_Exercise requirements:_
Set down, exactly and only, everything from the line containing "Рисунок 23. Относительная" down to the line containing "Eine ferne Turmuhr" in the data below; the pictures are not part of the copy.

====== Data supplied ======

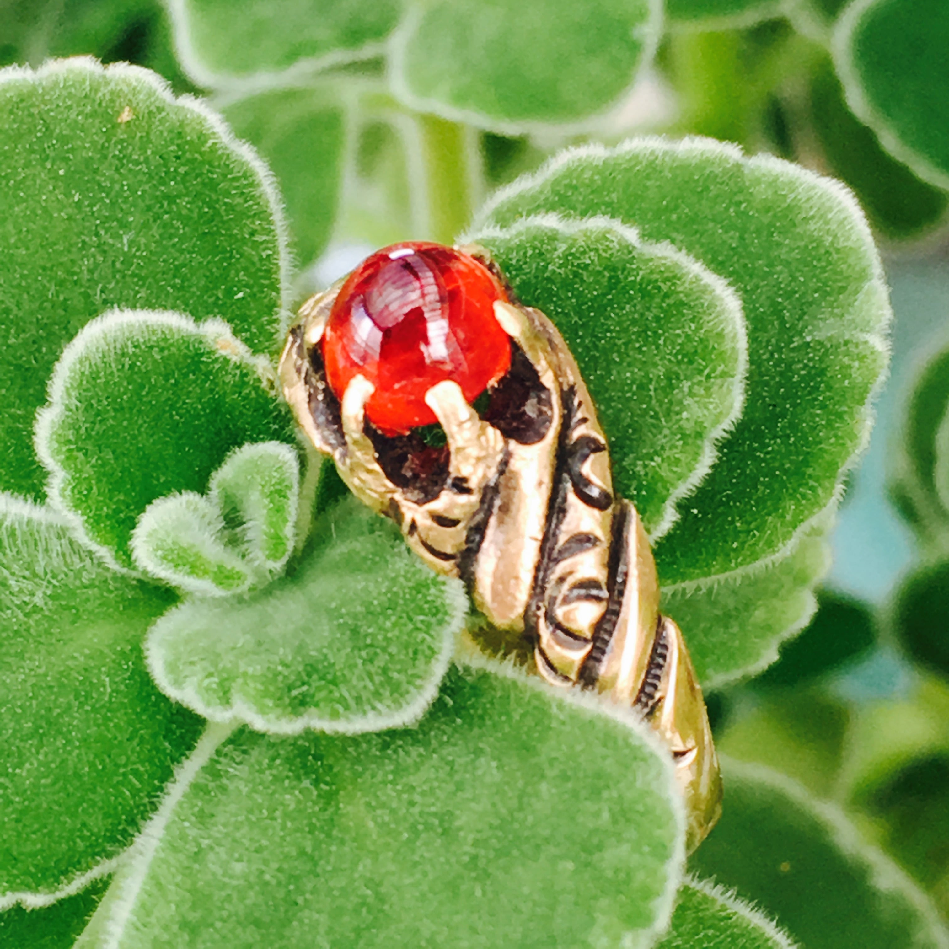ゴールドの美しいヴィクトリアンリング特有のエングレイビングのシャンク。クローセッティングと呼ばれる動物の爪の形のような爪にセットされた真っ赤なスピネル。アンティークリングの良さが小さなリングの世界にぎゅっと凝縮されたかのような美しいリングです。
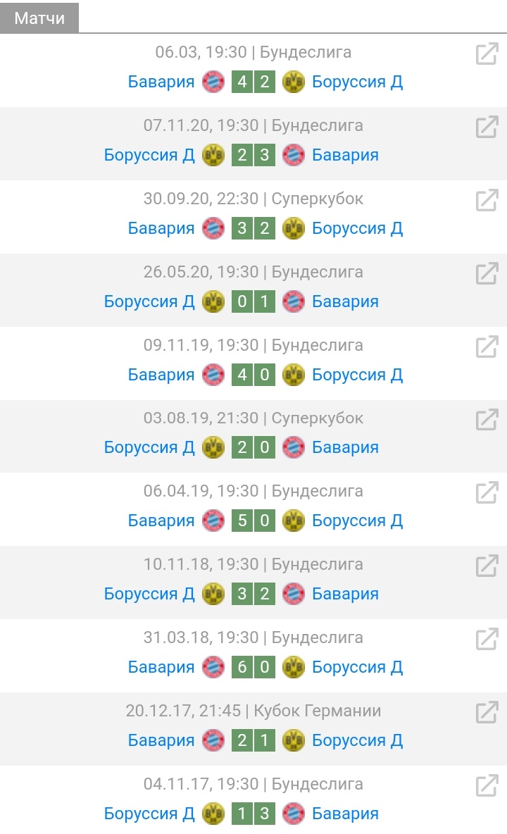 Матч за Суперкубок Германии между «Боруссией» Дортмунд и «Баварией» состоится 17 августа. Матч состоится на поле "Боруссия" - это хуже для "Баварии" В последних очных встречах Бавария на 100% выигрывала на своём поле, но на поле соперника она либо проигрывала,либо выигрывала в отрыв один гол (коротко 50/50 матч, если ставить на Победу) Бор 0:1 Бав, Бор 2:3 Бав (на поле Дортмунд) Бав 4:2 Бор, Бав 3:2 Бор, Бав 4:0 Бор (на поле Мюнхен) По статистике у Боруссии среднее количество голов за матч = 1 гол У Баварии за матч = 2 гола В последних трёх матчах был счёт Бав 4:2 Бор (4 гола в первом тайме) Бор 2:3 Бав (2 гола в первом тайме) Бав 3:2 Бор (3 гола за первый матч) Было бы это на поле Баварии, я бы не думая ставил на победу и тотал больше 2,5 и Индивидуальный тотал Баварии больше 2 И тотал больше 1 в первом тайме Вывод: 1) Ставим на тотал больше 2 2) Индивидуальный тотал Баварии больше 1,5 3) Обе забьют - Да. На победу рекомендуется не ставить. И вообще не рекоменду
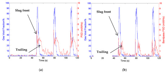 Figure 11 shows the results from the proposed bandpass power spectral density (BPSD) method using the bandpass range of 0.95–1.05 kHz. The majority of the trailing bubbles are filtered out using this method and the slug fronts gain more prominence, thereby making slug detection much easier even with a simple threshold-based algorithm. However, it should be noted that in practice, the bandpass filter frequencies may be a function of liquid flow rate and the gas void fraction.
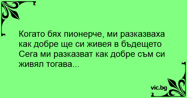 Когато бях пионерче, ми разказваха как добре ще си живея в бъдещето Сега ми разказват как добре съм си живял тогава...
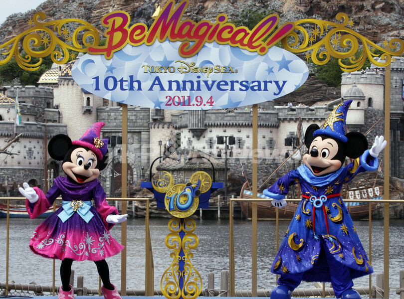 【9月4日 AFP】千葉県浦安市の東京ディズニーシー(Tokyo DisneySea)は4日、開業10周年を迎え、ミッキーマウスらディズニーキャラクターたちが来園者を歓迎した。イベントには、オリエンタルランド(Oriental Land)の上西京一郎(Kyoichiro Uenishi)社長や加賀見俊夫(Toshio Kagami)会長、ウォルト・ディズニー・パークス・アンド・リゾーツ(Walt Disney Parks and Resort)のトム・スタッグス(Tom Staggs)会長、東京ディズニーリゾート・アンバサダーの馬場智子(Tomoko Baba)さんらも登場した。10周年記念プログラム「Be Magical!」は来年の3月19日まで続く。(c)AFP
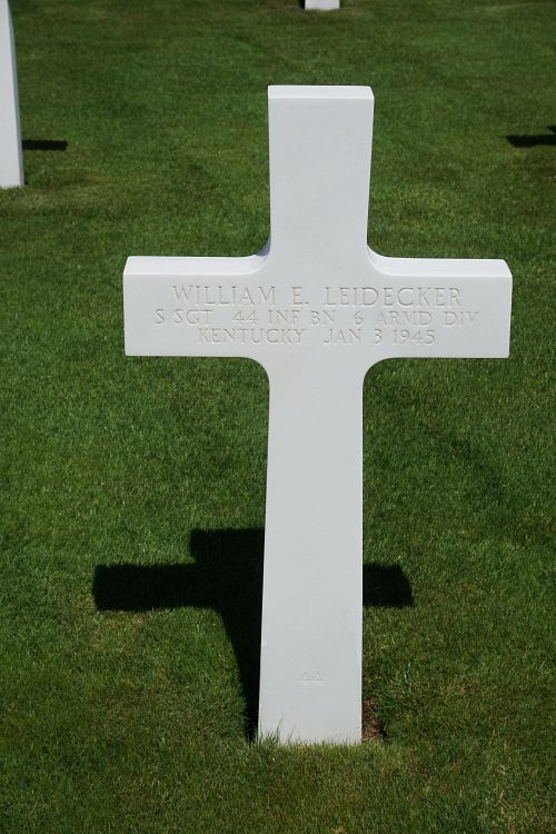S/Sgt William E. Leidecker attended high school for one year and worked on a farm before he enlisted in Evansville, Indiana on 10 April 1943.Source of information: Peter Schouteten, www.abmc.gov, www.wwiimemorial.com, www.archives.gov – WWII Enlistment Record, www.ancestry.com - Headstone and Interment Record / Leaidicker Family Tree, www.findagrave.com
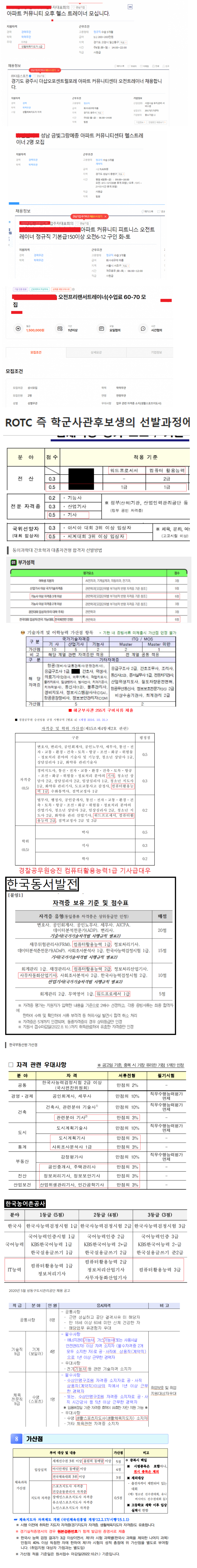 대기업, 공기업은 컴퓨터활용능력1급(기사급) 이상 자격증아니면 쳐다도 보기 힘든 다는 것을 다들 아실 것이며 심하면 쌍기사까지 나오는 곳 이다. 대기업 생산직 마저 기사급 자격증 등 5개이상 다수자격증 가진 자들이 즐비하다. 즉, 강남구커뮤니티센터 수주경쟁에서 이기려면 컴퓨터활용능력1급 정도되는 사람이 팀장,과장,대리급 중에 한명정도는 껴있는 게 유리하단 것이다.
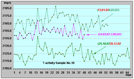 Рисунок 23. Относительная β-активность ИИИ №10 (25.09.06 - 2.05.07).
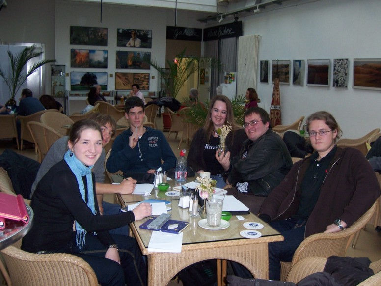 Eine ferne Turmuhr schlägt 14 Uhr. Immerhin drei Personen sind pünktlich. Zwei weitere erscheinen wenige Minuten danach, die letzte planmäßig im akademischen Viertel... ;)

======
====== Data supplied ======

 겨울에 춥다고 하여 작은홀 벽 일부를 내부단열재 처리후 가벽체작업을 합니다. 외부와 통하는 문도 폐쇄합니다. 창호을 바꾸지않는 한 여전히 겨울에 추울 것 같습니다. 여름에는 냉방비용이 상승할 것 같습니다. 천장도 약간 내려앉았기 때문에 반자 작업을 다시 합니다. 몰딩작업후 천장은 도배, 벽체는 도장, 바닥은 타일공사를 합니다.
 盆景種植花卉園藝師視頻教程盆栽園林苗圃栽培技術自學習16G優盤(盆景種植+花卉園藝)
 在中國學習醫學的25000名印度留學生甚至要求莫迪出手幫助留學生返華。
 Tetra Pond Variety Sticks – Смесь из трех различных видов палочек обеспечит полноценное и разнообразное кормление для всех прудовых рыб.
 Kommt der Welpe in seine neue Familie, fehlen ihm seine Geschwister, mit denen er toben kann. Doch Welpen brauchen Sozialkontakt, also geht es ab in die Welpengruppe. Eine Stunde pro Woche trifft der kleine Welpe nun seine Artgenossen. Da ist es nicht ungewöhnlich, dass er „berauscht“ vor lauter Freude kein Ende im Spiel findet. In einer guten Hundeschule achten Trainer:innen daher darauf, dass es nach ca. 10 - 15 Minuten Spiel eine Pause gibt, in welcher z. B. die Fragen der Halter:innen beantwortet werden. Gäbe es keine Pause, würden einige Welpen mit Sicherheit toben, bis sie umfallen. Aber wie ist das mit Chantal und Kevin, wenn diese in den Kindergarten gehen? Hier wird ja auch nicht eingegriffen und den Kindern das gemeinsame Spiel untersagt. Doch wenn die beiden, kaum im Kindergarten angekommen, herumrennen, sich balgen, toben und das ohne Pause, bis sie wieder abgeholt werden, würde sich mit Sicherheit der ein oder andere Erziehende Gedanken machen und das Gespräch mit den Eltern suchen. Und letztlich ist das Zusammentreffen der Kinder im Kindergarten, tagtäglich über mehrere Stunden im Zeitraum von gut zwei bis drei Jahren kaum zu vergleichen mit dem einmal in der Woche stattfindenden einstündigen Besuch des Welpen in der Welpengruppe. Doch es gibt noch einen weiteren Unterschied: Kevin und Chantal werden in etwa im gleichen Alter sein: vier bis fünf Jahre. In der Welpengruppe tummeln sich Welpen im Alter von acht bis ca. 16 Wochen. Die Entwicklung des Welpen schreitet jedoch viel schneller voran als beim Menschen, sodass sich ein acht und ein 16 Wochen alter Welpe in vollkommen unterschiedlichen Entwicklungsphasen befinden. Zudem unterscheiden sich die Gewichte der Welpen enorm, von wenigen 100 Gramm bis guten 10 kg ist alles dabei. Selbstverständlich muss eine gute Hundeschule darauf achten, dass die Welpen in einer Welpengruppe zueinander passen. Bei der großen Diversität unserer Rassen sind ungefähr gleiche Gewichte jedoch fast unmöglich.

======

_Written answer:_
 Рисунок 23. Относительная β-активность ИИИ №10 (25.09.06 - 2.05.07).
 Eine ferne Turmuhr schlägt 14 Uhr. Immerhin drei Personen sind pünktlich. Zwei weitere erscheinen wenige Minuten danach, die letzte planmäßig im akademischen Viertel... ;)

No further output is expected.